## Invited Session Fri.3.MA 004

#### Friday, 15:15 - 16:45 h, Room: MA 004

**Cluster 16: Nonlinear programming** [...]

### Fast gradient methods for nonlinear optimization and applications II

**Chair: William Hager**

**Friday, 15:15 - 15:40 h, Room: MA 004, Talk 1**

**Ya-Feng Liu**

Max-min fairness linear transceiver design for a multi-user MIMO interference channel

**Coauthors: Yu-Hong Dai, Zhi-Quan Tom Luo**

**Abstract:**

Consider the max-min fairness linear transceiver design problem for a multi-user multi-input multi-output (MIMO) interference channel. When the channel knowledge is perfectly known, this problem can be formulated as the maximization of the minimum signal to interference plus noise ratio (SINR) utility, subject to individual power constraints at each transmitter. We prove in this paper that, if the number of

antennas is at least two at each transmitter (receiver) and is at least three at each receiver (transmitter), the max-min fairness linear transceiver design problem is computationally intractable as the number of users becomes large.
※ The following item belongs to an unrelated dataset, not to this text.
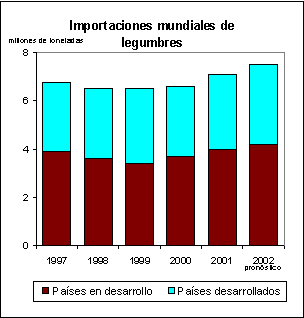 El comercio mundial de legumbres en 2002 se pronostica en unos 7 millones de toneladas, volumen ligeramente superior al de 2001. Es probable que el Asia meridional conserve su condición de principal región mundial importadora de legumbres destinadas al consumo humano. En Pakistán, se supone que los problemas con la producción interna redundarán en un aumento de las importaciones. También la India podría aumentar sus importaciones de legumbres, a pesar de la recuperación de su producción interna, ya que el incremento de los ingresos está estimulando el consumo. Es probable que este año la India reduzca las importaciones de guisantes amarillos, que en la campaña anterior aumentaron en respuesta a los altos precios internos de los garbanzos, debido a unas perspectivas mejoradas para el suministro interno de garbanzos. Las importaciones de guisantes secos de la China deberían de aumentar en 2002, tras la reciente decisión del gobierno de rebajar el impuesto al valor añadido aplicado a los guisantes forrajeros, de 17 por ciento a 13 por ciento, que es el que se aplica a otros productos forrajeros. Es probable que en 2002 aumenten las importaciones de los países del Cercano Oriente y de África del Norte para cubrir los déficit de producción previstos y también para atender la creciente demanda interna. Es probable que este año aumenten los envíos de ayuda alimentaria de legumbres al Afganistán. Pero podrían disminuir las compras de Egipto en base el ritmo lento de las importaciones en lo que va de este año. En África oriental y central, se supone que las emergencias y difíciles situaciones alimentarias que enfrentan algunos de los países aumentarán las importaciones de legumbres durante la presente campaña, principalmente en la forma de ayuda alimentaria. Se pronostica un aumento de las importaciones de frijoles secos de Sudáfrica en 2002, principalmente para compensar el descenso previsto de la producción interna. En América Latina y el Caribe, también se pronostica una disminución de las importaciones de frijoles secos por parte del Brasil y México, en base a unas perspectivas mejores para sus cosechas internas, mientras que podrían aumentar las de Cuba y Venezuela. En Europa, las importaciones de guisantes y lupinos secos de la CE probablemente aumentarán este año, debido principalmente a la prohibición de utilizar harinas de carnes y huesos en los piensos y también a la presencia de mayores disponibilidades en los mercados mundiales.

In fact, even the problem of checking the feasibility of a given set of target SINR levels is strongly NP-hard. We then propose two iterative algorithms to solve the max-min fairness linear transceiver design problem. The transceivers generated by these algorithms monotonically improve the min-rate utility

and are guaranteed to converge to a stationary solution. The efficiency and performance of the proposed algorithms

compare favorably with solutions obtained from the channel matched beamforming or the leakage interference minimization.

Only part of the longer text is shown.